*RECORDS TO USE*.
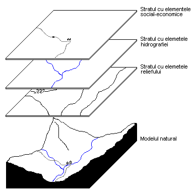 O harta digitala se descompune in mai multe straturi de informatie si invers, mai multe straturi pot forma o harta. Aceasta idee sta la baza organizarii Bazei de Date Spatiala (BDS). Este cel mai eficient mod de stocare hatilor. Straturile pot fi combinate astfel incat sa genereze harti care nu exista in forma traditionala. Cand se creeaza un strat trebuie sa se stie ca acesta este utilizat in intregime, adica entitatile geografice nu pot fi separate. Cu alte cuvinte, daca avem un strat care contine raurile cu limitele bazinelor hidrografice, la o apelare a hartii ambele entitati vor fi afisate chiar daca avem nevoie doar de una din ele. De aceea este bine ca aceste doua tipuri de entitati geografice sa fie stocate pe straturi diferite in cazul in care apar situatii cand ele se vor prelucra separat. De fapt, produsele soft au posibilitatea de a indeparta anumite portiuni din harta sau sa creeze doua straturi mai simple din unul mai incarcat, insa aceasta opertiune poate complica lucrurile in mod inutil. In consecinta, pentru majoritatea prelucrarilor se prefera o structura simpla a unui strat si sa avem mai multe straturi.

---

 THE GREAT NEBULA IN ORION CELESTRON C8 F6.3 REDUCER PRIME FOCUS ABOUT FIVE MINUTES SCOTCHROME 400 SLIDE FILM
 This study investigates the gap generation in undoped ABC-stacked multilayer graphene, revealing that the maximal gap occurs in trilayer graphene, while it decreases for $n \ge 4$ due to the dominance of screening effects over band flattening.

*REQUIRED WORK*.
After locating the line holding "THE GREAT NEBULA" above, output exactly that line and every line after it through the line holding "This study investigates". Include nothing else.

*EXPECTED OUTPUT*.
 THE GREAT NEBULA IN ORION CELESTRON C8 F6.3 REDUCER PRIME FOCUS ABOUT FIVE MINUTES SCOTCHROME 400 SLIDE FILM
 This study investigates the gap generation in undoped ABC-stacked multilayer graphene, revealing that the maximal gap occurs in trilayer graphene, while it decreases for $n \ge 4$ due to the dominance of screening effects over band flattening.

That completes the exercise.